Mashmokh is playing a new game. In the beginning he has k liters of water and p coins. Additionally he has a rooted tree (an undirected connected acyclic graph) that consists of m vertices. Each vertex of the tree contains a water tank that is empty in the beginning.

The game begins with the fact that Mashmokh chooses some (no more than k) of these tanks (except the root) and pours into each of them exactly 1 liter of water. Then the following process is performed until there is no water remained in tanks.
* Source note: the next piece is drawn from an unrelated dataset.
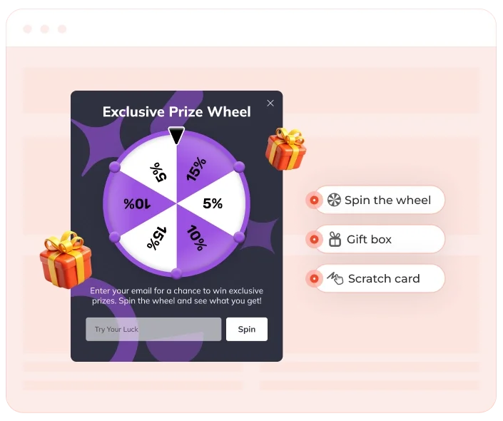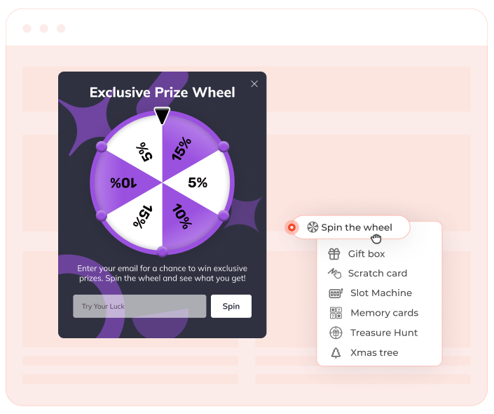 Gamified popups are interactive, game-like elements seamlessly integrated into your website’s design to capture visitors’ attention and encourage them to take action — whether it’s subscribing to your mailing list, completing a purchase, or claiming a special offer. By embedding gamification elements directly into your site's user interface (UI), you transform passive browsing into an engaging and interactive journey. Visitors feel like they’re playing a game, not just interacting with a traditional marketing popup, which increases both engagement and conversion rates.
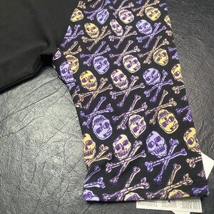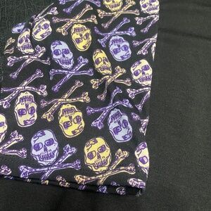 LulaRoe Irma Top - XS. Fits sizes 2-4 but can fit up to a 12. NWT. Smoke Free Home. This is a loose high-low tunic with fitted mid length sleeves. The extra length in the back makes it a great compliment to leggings. Color: Black with purple & light yellow skulls. This would be a fun Halloween shirt. ☠️

• The process consists of several steps.
• At the beginning of each step Mashmokh opens doors of all tanks. Then Mashmokh closes doors of some tanks (he is not allowed to close door of tank in the root) for the duration of this move. Let's denote the number of liters in some tank with closed door as w, Mashmokh pays w coins for the closing of that tank during this move.
• Let's denote by x₁, x₂, ..., x_m as the list of vertices of the tree sorted (nondecreasing) by their depth. The vertices from this list should be considered one by one in the order. Firstly vertex x₁ (which is the root itself) is emptied. Then for each vertex x_i (i > 1), if its door is closed then skip the vertex else move all the water from the tank of vertex x_i to the tank of its father (even if the tank of the father is closed).

Suppose l moves were made until the tree became empty. Let's denote the amount of water inside the tank of the root after the i-th move by w_i then Mashmokh will win max(w₁, w₂, ..., w_l) dollars. Mashmokh wanted to know what is the maximum amount of dollars he can win by playing the above game. He asked you to find this value for him.